The menu is limited, with five specialty sandwiches and a build your own variety, and a couple of salads. Breakfast sandwiches and pastries are also offered. I opted for the star of the show, the sandwich that gets top billing, the Drunken Brisket. I don’t know why it’s called that, nor do I care, as long as I can order it again. A healthy, but not overwhelming, portion of slow-roasted, juicy, brisket is served atop your choice of bread or roll (and the bread is a star in its own right). The meat is topped with pickled veggies (almost like what you’d get on a Bahn mi) and spicy pepper tapenade. Barbecue sauce and provolone blanket the entire thing. It’s not cheap, at $12.75, but there’s enough there for a very hearty lunch or two smaller meals.

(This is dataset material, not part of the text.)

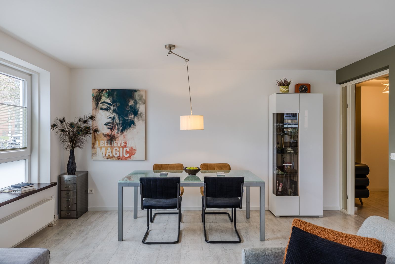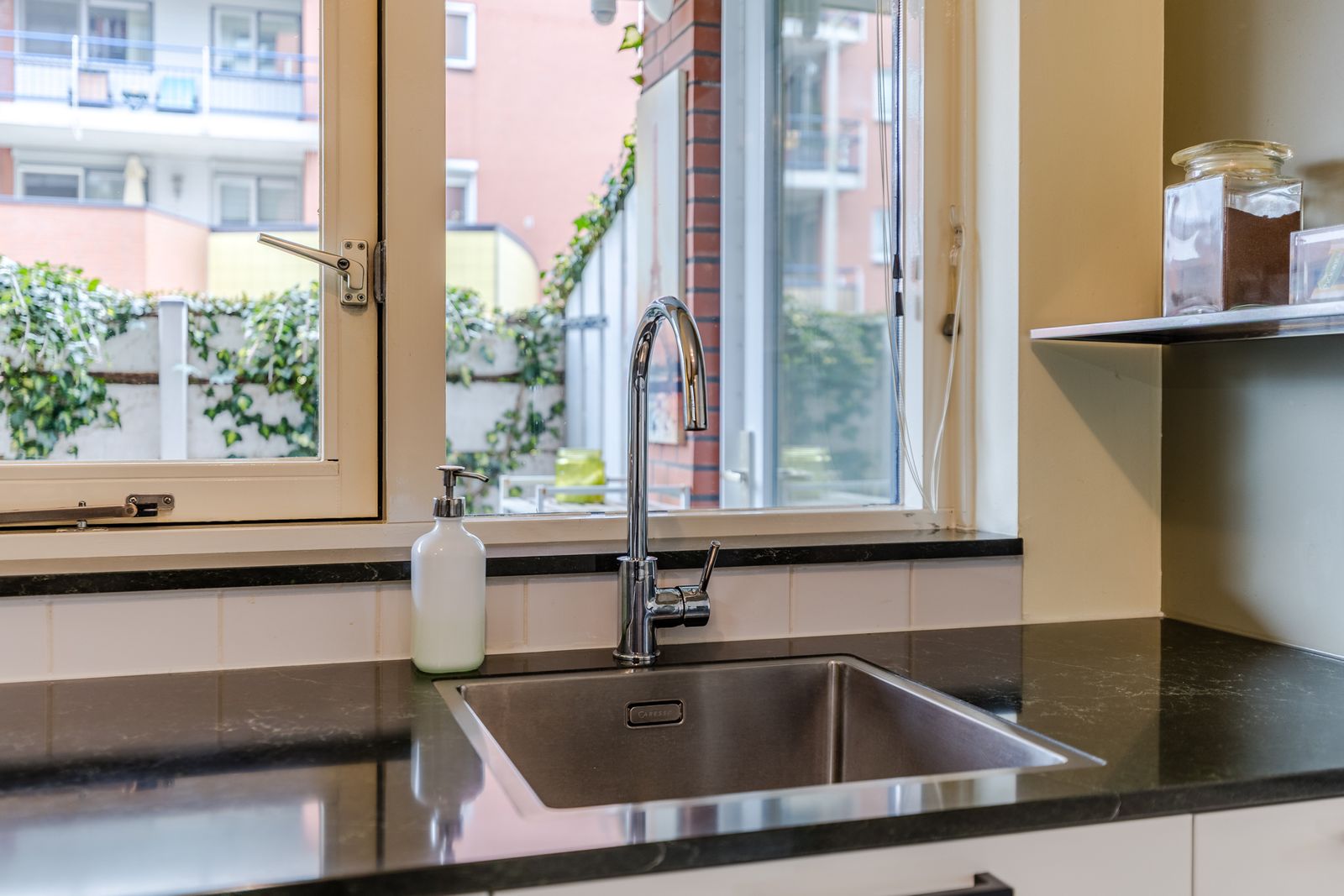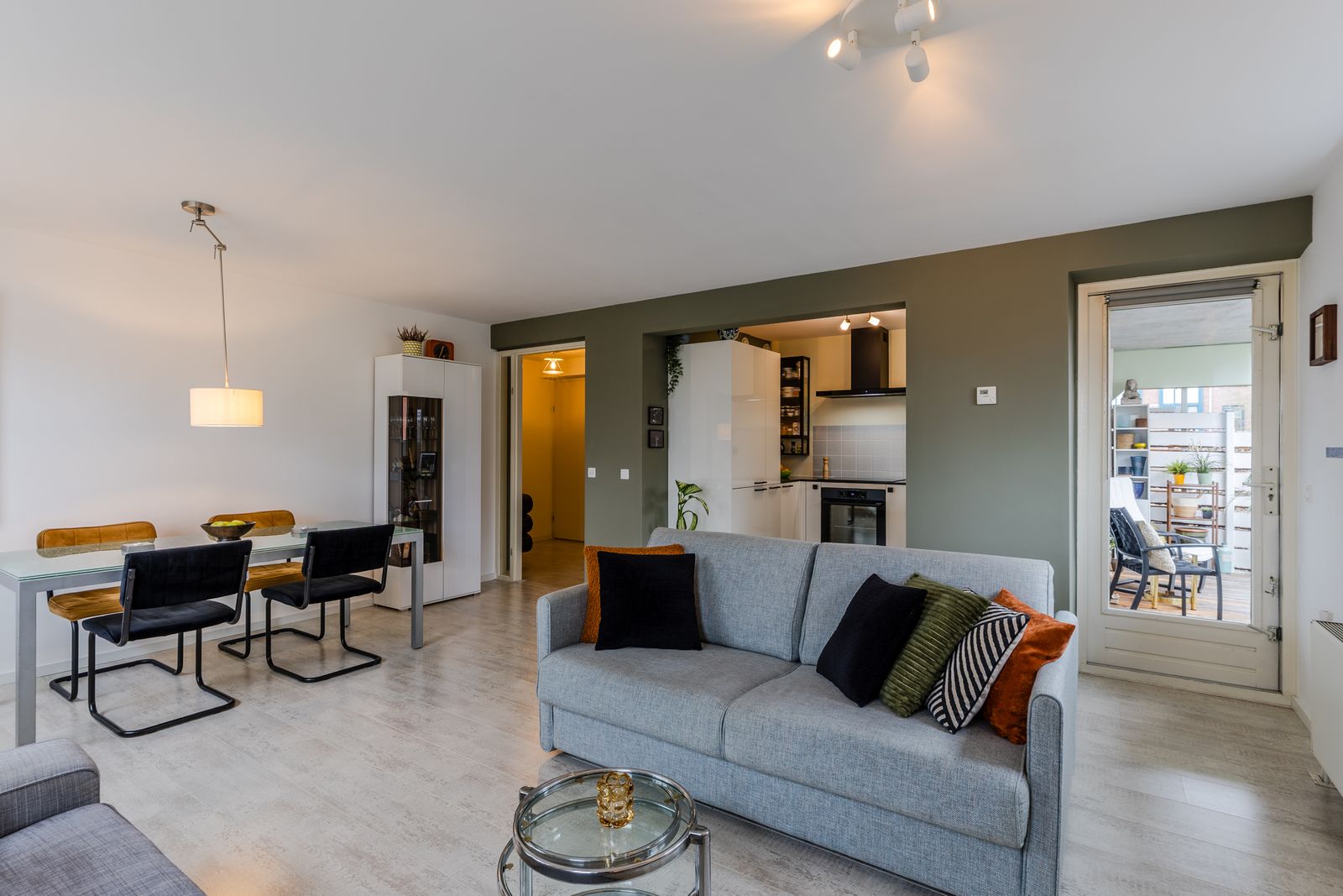 Het appartement dat deel uitmaakt van een kleinschalig complex, heeft een royale woonkamer van circa 26 m² met nieuwe kozijnen, ramen en op maat gemaakte raambekleding. De smaakvolle, recent geplaatste open keuken met composiet werkblad, is een blikvanger en creëert eenheid in de sfeerbeleving. Wat opvalt is hoe perfect de ruimtelijke indeling is van het appartement en de liefde die er in is gestoken is voelbaar.

My veggie hubby had to “settle for” the Caprese sandwich, but after one bite the vegetarian didn’t feel as if he was settling anymore. There are also a BLT, Rueben, and an Italian cold cut classic, all priced at $12.75 and served with a small side.
Papa Duke’s is still ironing out some kinks; they’re known to run out of brisket long before the end of the day. But the food is delicious and the service is friendly and willing to please, and that makes them the main attraction in my book.